Wednesday, September 29, 2004

My own polls study

I've been tinkering around with polls.

I came up with the following nifty graphic (click to enlarge):
Kerry and Bush polls over time

Kerry and Bush polls over time-legend

The are above the zero line indicates support for Bush, and the area below the line indicates support for Kerry. Points in gray indicate polls of registered voters, while black points indicate "likely" voters.

Since I have a job unrelated to polls and a family (also unrelated to polls), I assumed the polls are comparable and so included every one in the analysis. Here's a few thoughts.

It looks like Bush is gaining support over time, although there is so much noise I'm not sure what confidence I'd put in any lead at this point.

Fox polls, which I comment on because Fox News seems to be a favorite whipping boy of the left, somewhat consistently showed more favor for Kerry than average. Gallup consistently showed more favor for Bush, sometimes significantly more so as in the recent poll showing Bush with a double-digit lead.

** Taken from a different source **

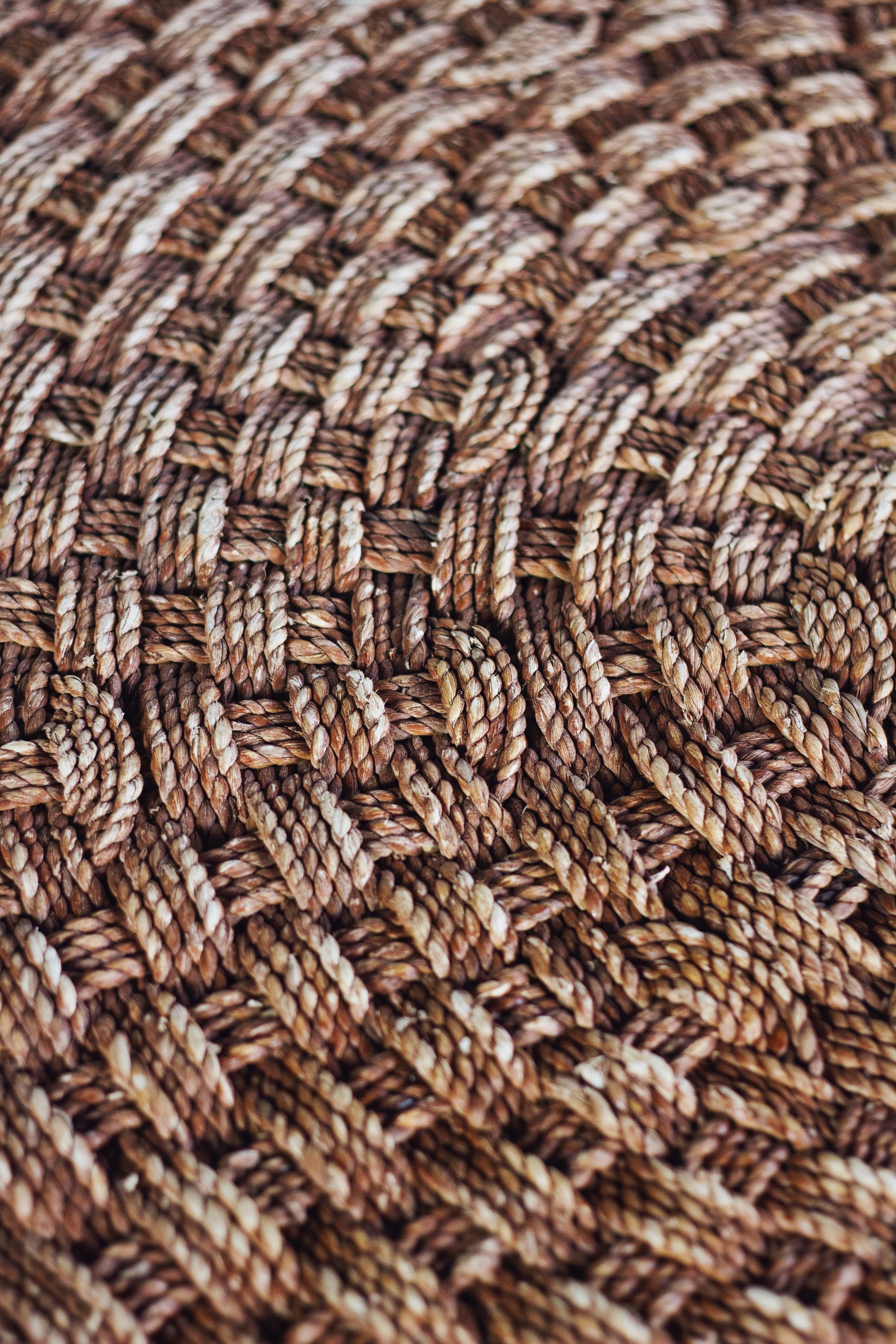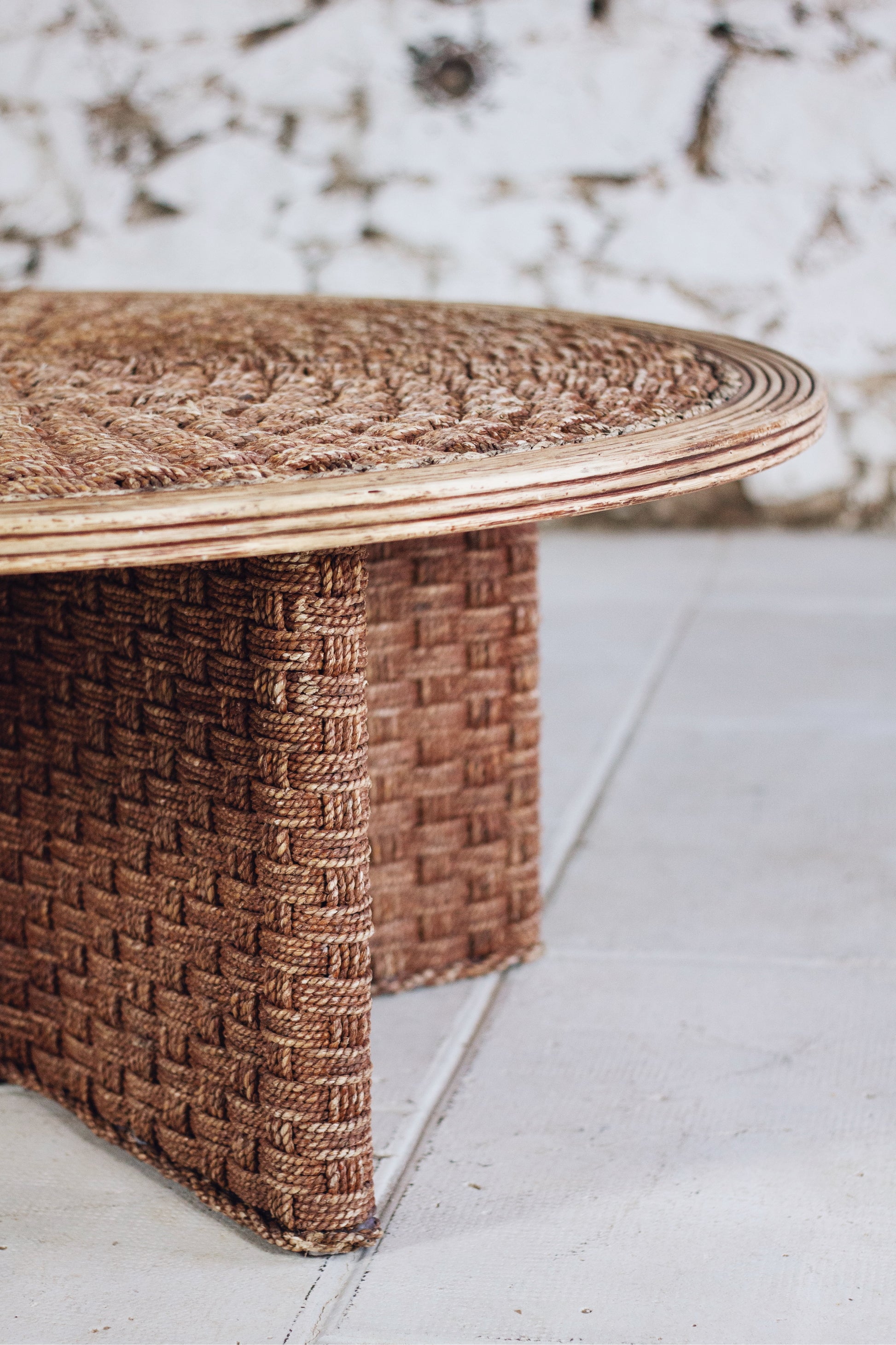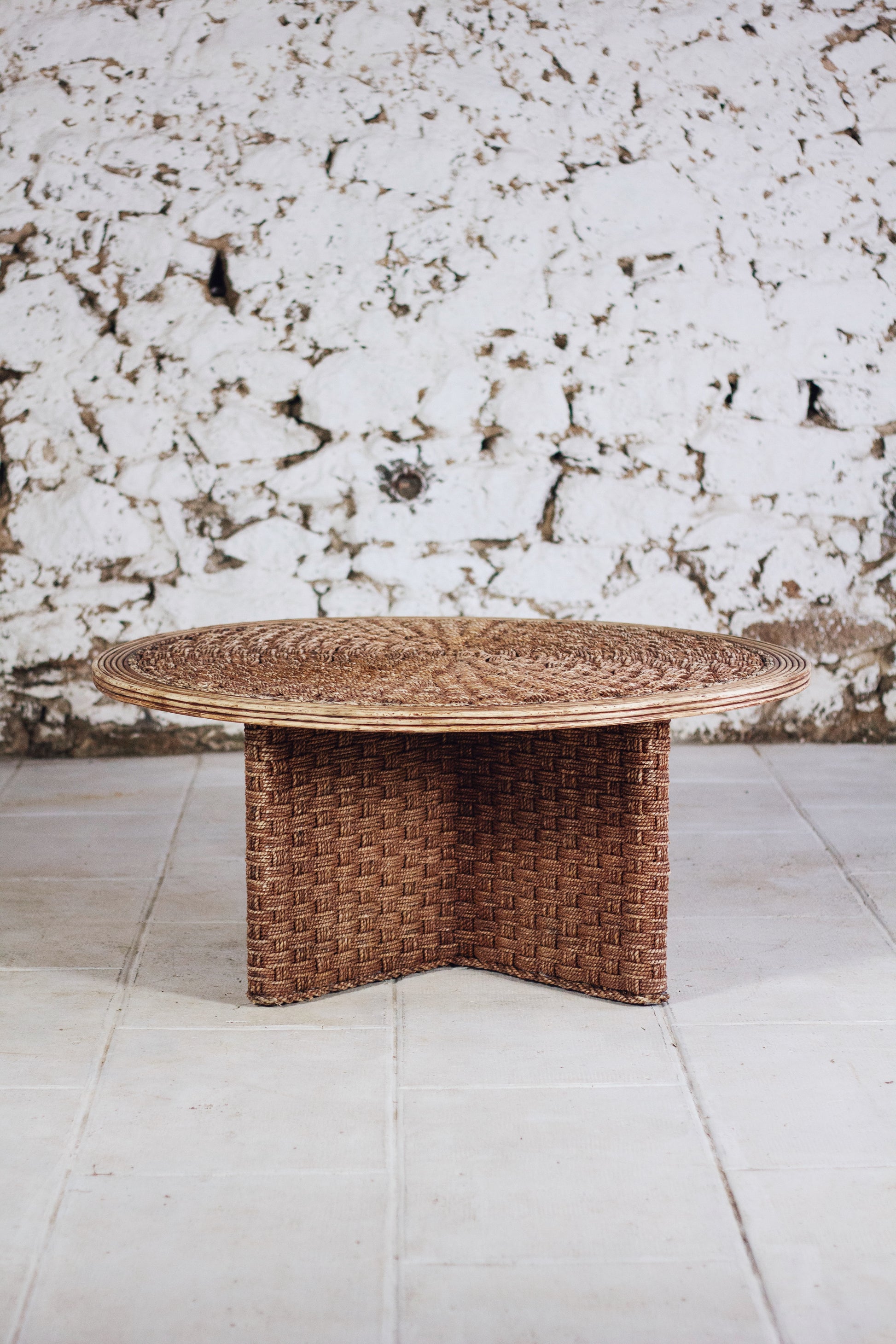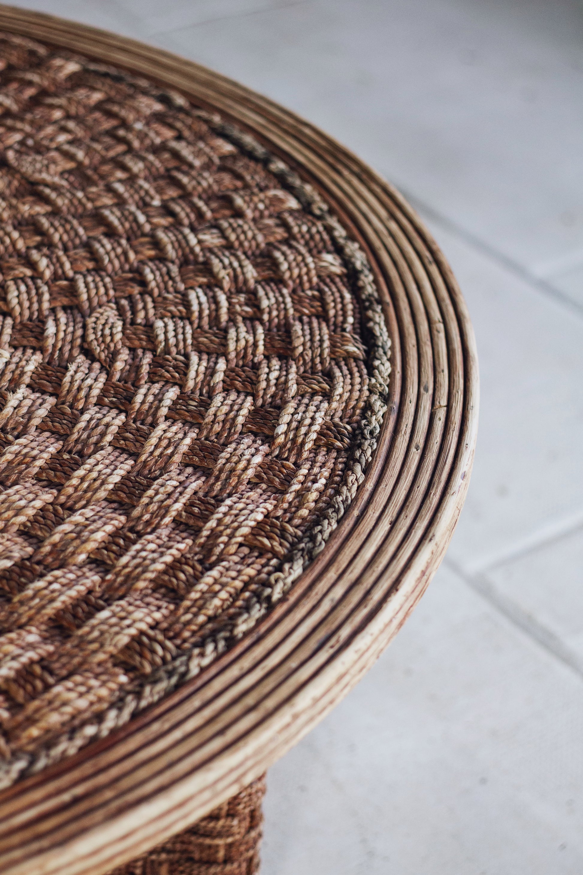 Table basse ronde en corde tressée et rotin, 1970

The datasource is PollingReport (updated 9/27). After copying the numbers (Bush/Kerry numbers only) into a spreadsheet, I loaded the data into the R statistics program. It took a little manipulation to turn the dates from character strings into date objects, and I subtracted Kerry's support from Bush's to create a margin of support (with positive numbers favoring Bush). I then created a scatterplot using a different letter for each poll (as indicated in the legend). The curve through the data is created using lowess. (Lowess is like a weighted moving average, which weights "the data point you're on" the highest and those farther away lower. It's similar in spirit to the linear regression you do in basic statistics, except it does curves.) The smoothing parameter was 0.5.